### Work item
In the entries below, repeat only the lines between those holding "操作経路: [F6 設定]-[F3 ペンダントと操作盤]-[F1 言語設定]" and "This is a simple", inclusive. Leave pictures out.

### Data for review
*** Begin section ***

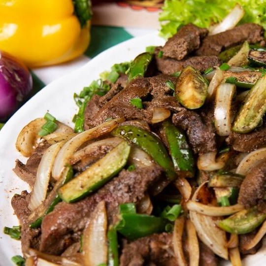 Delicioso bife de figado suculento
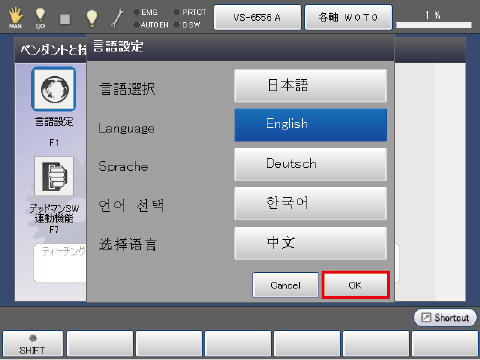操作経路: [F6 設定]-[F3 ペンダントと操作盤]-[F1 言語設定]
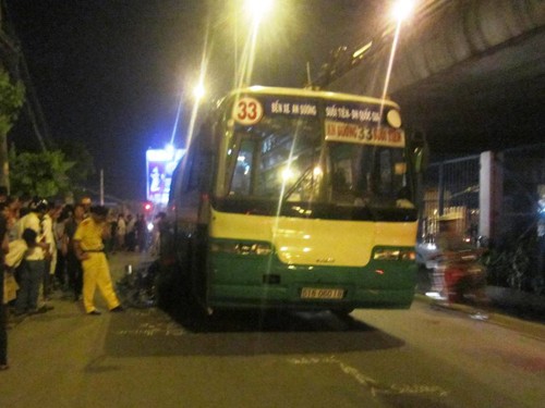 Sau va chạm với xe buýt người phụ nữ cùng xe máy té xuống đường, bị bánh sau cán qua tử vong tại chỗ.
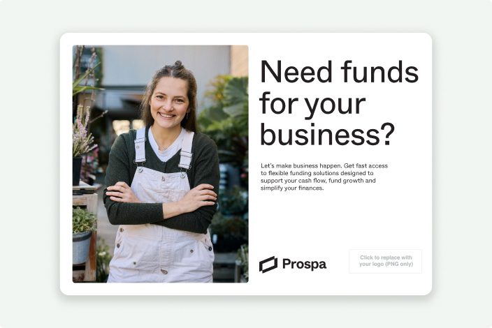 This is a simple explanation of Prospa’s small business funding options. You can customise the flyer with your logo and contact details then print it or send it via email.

*** End section ***
*** Begin section ***

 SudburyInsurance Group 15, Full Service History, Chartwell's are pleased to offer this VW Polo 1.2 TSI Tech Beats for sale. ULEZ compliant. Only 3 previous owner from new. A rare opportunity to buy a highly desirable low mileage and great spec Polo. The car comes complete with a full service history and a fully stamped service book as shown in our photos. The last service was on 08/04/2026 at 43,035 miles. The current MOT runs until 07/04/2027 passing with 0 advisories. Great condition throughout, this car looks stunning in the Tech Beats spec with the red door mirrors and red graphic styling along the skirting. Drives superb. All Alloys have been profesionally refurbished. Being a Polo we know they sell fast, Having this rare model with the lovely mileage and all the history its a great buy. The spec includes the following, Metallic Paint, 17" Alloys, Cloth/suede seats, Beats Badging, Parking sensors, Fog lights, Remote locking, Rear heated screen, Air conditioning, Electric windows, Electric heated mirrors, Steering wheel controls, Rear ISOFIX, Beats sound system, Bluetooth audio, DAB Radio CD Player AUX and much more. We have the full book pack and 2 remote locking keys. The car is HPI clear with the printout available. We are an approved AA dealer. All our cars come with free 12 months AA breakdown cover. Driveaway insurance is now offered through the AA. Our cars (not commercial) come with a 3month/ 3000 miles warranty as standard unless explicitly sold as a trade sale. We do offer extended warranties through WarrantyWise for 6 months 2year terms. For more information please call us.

*** End section ***

### Written answer
操作経路: [F6 設定]-[F3 ペンダントと操作盤]-[F1 言語設定]
 Sau va chạm với xe buýt người phụ nữ cùng xe máy té xuống đường, bị bánh sau cán qua tử vong tại chỗ.
 This is a simple explanation of Prospa’s small business funding options. You can customise the flyer with your logo and contact details then print it or send it via email.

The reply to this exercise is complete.